*** Recorded data Section Begins ***

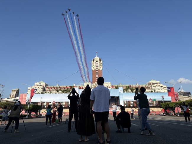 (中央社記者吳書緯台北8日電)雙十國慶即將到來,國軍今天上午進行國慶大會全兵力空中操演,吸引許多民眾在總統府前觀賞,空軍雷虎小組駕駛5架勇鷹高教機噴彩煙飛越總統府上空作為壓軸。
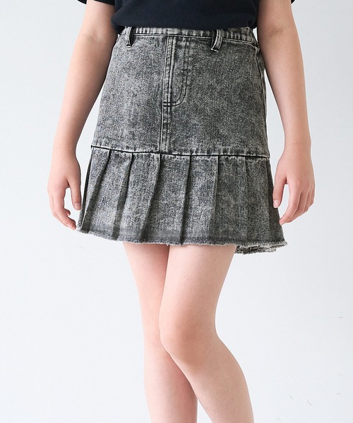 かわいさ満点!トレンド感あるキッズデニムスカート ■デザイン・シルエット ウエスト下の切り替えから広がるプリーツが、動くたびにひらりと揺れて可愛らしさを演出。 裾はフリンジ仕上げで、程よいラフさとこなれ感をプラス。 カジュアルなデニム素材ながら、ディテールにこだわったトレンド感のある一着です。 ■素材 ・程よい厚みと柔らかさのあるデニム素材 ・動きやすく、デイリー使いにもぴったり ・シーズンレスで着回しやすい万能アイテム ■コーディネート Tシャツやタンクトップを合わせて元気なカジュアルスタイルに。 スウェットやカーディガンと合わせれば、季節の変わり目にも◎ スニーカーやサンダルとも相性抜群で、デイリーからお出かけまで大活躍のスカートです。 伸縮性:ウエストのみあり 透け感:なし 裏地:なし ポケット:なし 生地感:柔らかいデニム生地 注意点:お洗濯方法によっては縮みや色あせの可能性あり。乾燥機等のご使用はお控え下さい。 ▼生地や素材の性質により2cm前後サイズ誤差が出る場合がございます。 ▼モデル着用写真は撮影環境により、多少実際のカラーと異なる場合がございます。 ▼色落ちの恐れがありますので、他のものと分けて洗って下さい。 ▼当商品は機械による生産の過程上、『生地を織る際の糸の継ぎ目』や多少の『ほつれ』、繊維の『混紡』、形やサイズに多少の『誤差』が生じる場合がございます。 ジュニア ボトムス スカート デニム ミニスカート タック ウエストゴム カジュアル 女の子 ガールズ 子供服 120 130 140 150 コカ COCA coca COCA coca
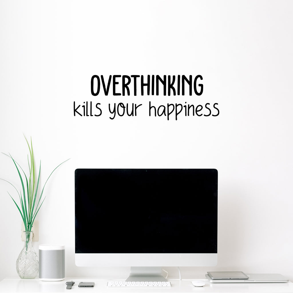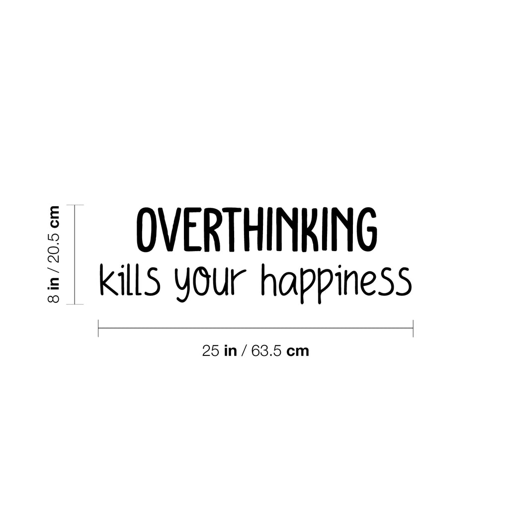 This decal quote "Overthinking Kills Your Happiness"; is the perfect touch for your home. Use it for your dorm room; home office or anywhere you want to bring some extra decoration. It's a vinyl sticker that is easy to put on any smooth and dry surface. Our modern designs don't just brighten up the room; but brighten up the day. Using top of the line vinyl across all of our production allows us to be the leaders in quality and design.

*** Recorded data Section Ends ***
*** Recorded data Section Begins ***

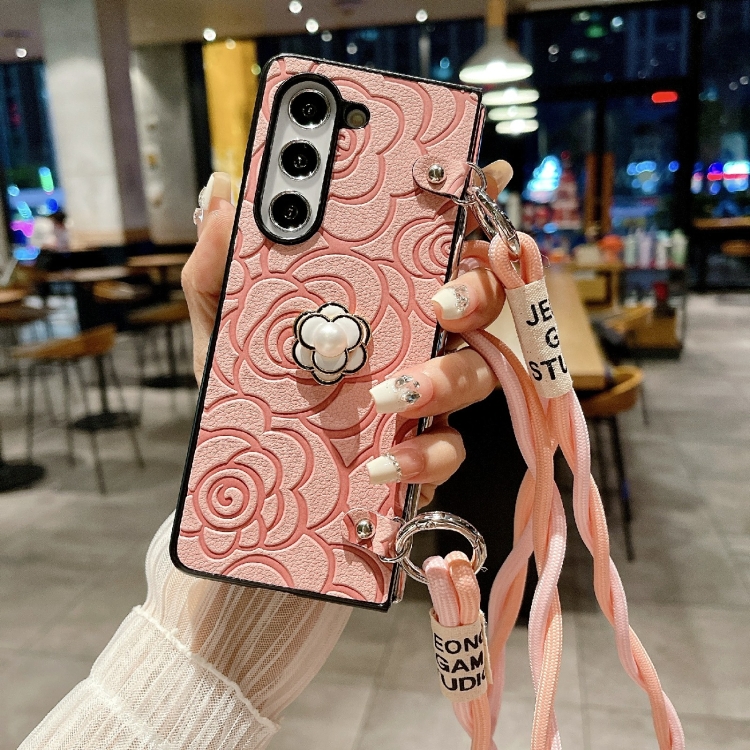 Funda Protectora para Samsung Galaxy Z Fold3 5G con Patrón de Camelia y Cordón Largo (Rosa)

*** Recorded data Section Ends ***
*** Recorded data Section Begins ***

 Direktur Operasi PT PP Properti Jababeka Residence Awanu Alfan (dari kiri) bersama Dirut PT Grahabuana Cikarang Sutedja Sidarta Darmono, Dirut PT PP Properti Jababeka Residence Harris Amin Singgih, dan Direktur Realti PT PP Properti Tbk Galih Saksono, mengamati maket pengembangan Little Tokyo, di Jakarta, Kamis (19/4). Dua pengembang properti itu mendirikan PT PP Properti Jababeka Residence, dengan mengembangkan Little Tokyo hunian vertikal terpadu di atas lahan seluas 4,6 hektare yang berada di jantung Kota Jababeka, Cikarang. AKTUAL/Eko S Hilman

*** Recorded data Section Ends ***

**Task goal:**
Reproduce exactly, with no pictures, the lines above from the one holding "(中央社記者吳書緯台北8日電" to the one holding "This decal quote", inclusive.

**Solved exercise:**
 (中央社記者吳書緯台北8日電)雙十國慶即將到來,國軍今天上午進行國慶大會全兵力空中操演,吸引許多民眾在總統府前觀賞,空軍雷虎小組駕駛5架勇鷹高教機噴彩煙飛越總統府上空作為壓軸。
 かわいさ満点!トレンド感あるキッズデニムスカート ■デザイン・シルエット ウエスト下の切り替えから広がるプリーツが、動くたびにひらりと揺れて可愛らしさを演出。 裾はフリンジ仕上げで、程よいラフさとこなれ感をプラス。 カジュアルなデニム素材ながら、ディテールにこだわったトレンド感のある一着です。 ■素材 ・程よい厚みと柔らかさのあるデニム素材 ・動きやすく、デイリー使いにもぴったり ・シーズンレスで着回しやすい万能アイテム ■コーディネート Tシャツやタンクトップを合わせて元気なカジュアルスタイルに。 スウェットやカーディガンと合わせれば、季節の変わり目にも◎ スニーカーやサンダルとも相性抜群で、デイリーからお出かけまで大活躍のスカートです。 伸縮性:ウエストのみあり 透け感:なし 裏地:なし ポケット:なし 生地感:柔らかいデニム生地 注意点:お洗濯方法によっては縮みや色あせの可能性あり。乾燥機等のご使用はお控え下さい。 ▼生地や素材の性質により2cm前後サイズ誤差が出る場合がございます。 ▼モデル着用写真は撮影環境により、多少実際のカラーと異なる場合がございます。 ▼色落ちの恐れがありますので、他のものと分けて洗って下さい。 ▼当商品は機械による生産の過程上、『生地を織る際の糸の継ぎ目』や多少の『ほつれ』、繊維の『混紡』、形やサイズに多少の『誤差』が生じる場合がございます。 ジュニア ボトムス スカート デニム ミニスカート タック ウエストゴム カジュアル 女の子 ガールズ 子供服 120 130 140 150 コカ COCA coca COCA coca
 This decal quote "Overthinking Kills Your Happiness"; is the perfect touch for your home. Use it for your dorm room; home office or anywhere you want to bring some extra decoration. It's a vinyl sticker that is easy to put on any smooth and dry surface. Our modern designs don't just brighten up the room; but brighten up the day. Using top of the line vinyl across all of our production allows us to be the leaders in quality and design.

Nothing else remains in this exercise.